Gestão de diversidade e ética nos negócios é uma das especialidades de Ana Bavon. A CEO e head de estratégia da consultoria B4People Cultura Inclusiva é referência em temas como estratégias de equidade, inclusão e gestão de diversidades. A ética nos negócios vem a partir da sua formação em direito.

Ana também faz parte do conselho consultivo do movimento Elas Lideram 2030 (iniciativa do Pacto Global da ONU Brasil e da ONU Mulheres) e do board da Plan International Brasil. A executiva dá consultorias e treinamentos dentro de empresas, focando em diversidade e inclusão de gênero. 

Nesta entrevista à Fast Company Brasil, Ana divide suas visão sobre como a cultura inclusiva pode mudar empresas agora e no futuro. 

FC Brasil – Na B4People, você apoia a criação de estratégias de mudança para que as companhias tenham uma cultura inclusiva. O que têm em comum as empresas bem-sucedidas nessa missão de serem verdadeiramente inclusivas?

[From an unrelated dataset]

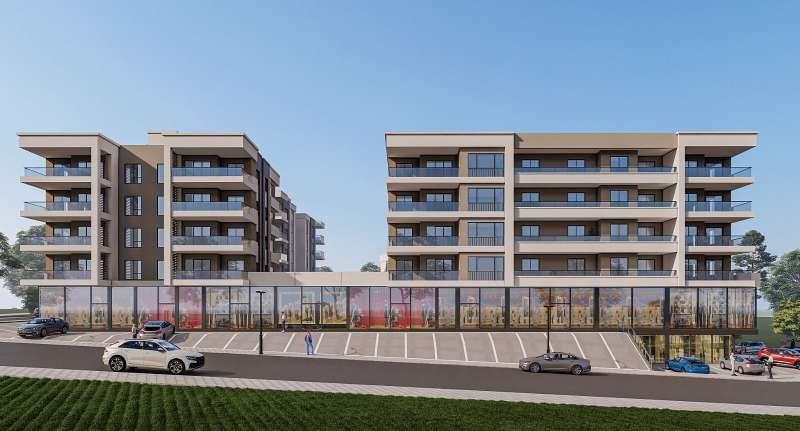 The complex with horizontal architecture is oriented east-west and offers sea views from each block in the middle part. The 4-block complex has 76 flats with 1,2 or 3 bedrooms.

Ana Bavon – As empresas bem-sucedidas compreenderam que a cultura está completamente ligada aos resultados. Mais que isso, elas compreenderam que a cultura é um conjunto de elementos que norteiam comportamentos humanos, um combinado das dimensões morais (ideológicas), psicossociais e materiais. Elas investem no que de fato importa, a promoção de um ambiente psicologicamente seguro, tangibilizado pelas atitudes e comportamentos da alta liderança.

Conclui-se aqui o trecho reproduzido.